National Debt and National Crisis
Author: COMAP
Background:
Mathematical modeling involves two equally important steps - building models based on real world situations and interpreting predictions made by those models back in the real world. This problem places equal emphasis on both steps.
We are at the start of the 2008 U.S. presidential elections, and one important area of debate is sure to be the national debt. As high school students, you have a particular interest in this subject since you are the people who will pay off or at least manage the national debt in the future. The rate at which the national debt changes depends on the difference between federal income (primarily taxes) and federal expenditures. Your first task is to build a model that can be used to help understand the national debt and make forecasts based on different assumptions. As usual, modeling involves a balance between so much complexity that the model may be intractable and so little complexity that it is unrealistic and useless. Your model needs, at the very least, to allow you to consider different tax policies and different expenditure policies.

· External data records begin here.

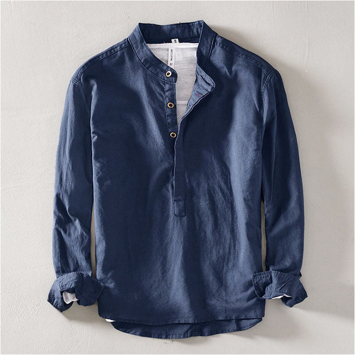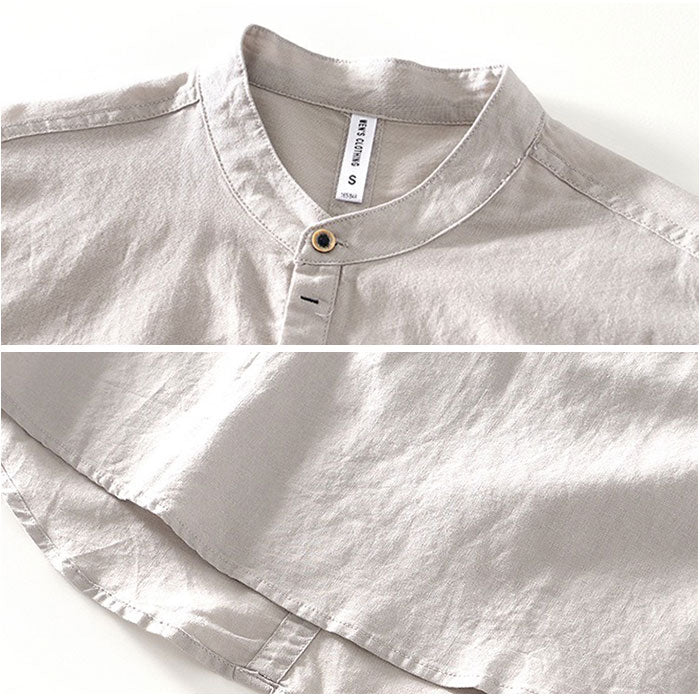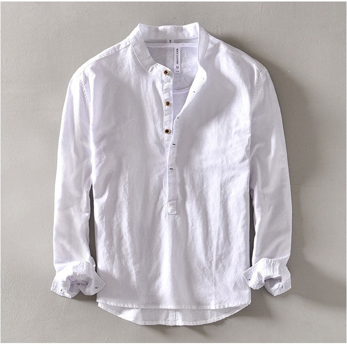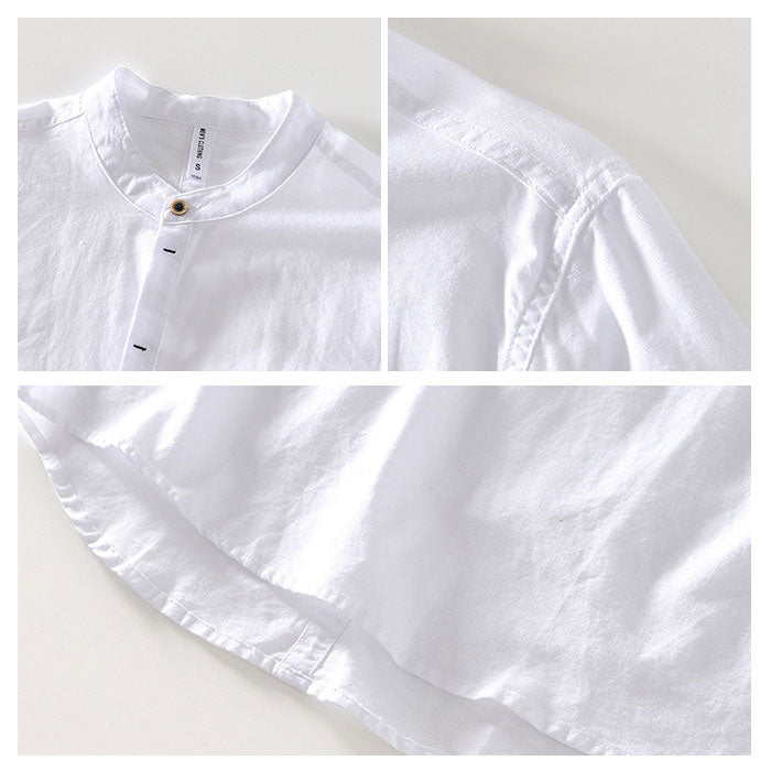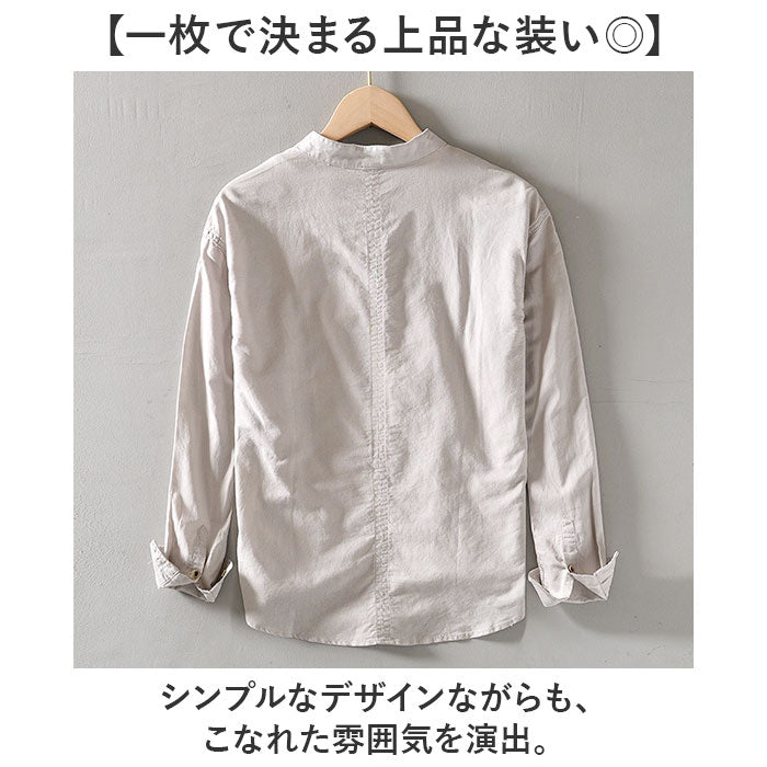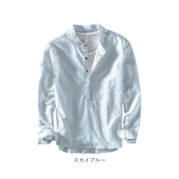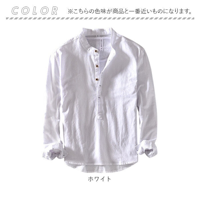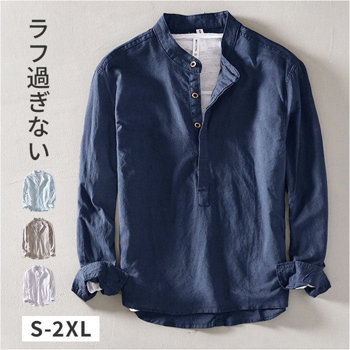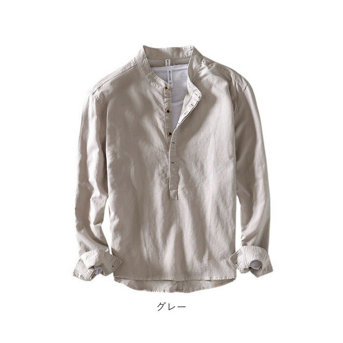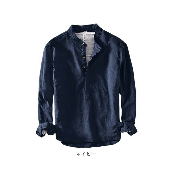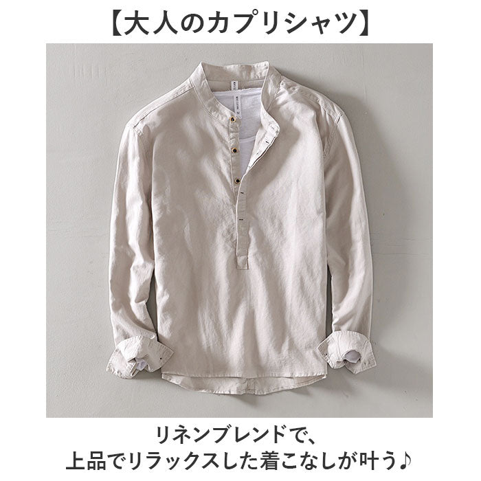 カプリシャツ メンズ 通販 シャツ 長袖 長袖シャツ シンプル トップス おしゃれ カジュアルシャツ ビジネス 仕事 無地 上品 プルオーバー 春秋 オフィス 通勤 コットンリネン 夏 秋服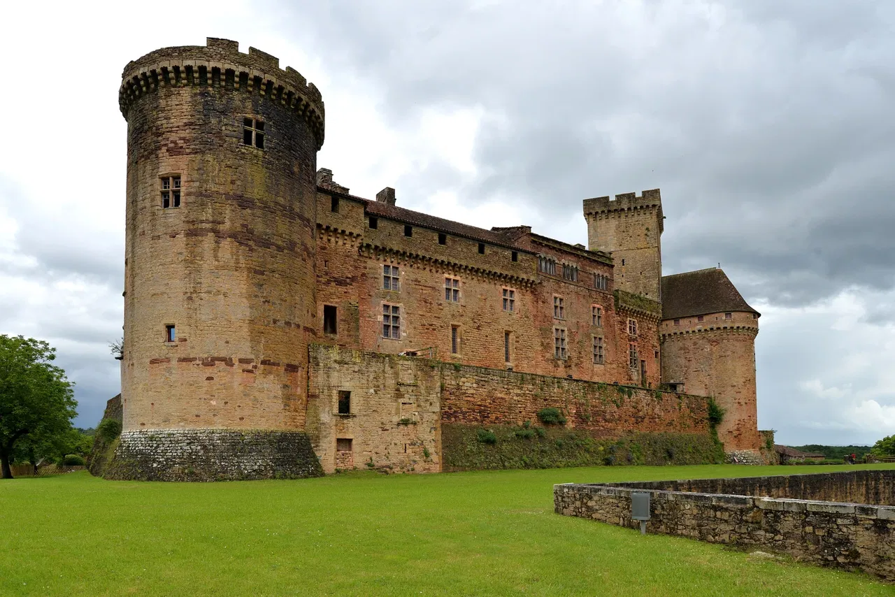 Le château de Castelnau-Bretenoux, situé à Prudhomat, en France, est une impressionnante forteresse médiévale qui offre aux visiteurs un aperçu de l'histoire de France. L'extérieur saisissant du château en grès rouge et sa position proéminente au sommet d'une colline en font un point de repère notable dans la région.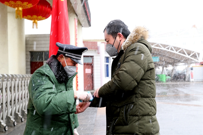 一天要站20多個小時,每天登記近七百輛車的詳細信息……作為黃陵縣高速公路地銷車輛核查登記值守人員的程建軍,放棄了本屬于他溫暖的辦公室,站在了風口尖,他的雙朵早已被凍得通紅,但他胸前的黨徽在霞光中閃閃發(fā)光。

As usual, raw numbers don't carry much information. Those numbers must be placed in context. For example, total national debt is less meaningful than national debt per capita. In addition, you must be careful about inflation. Many analysts look at the ratio between national debt and gross domestic product as a good indicator of the impact of the national debt. Others worry about the cost of servicing the national debt. This cost is affected by both the size of the national debt and the interest rate the government must pay to borrow money.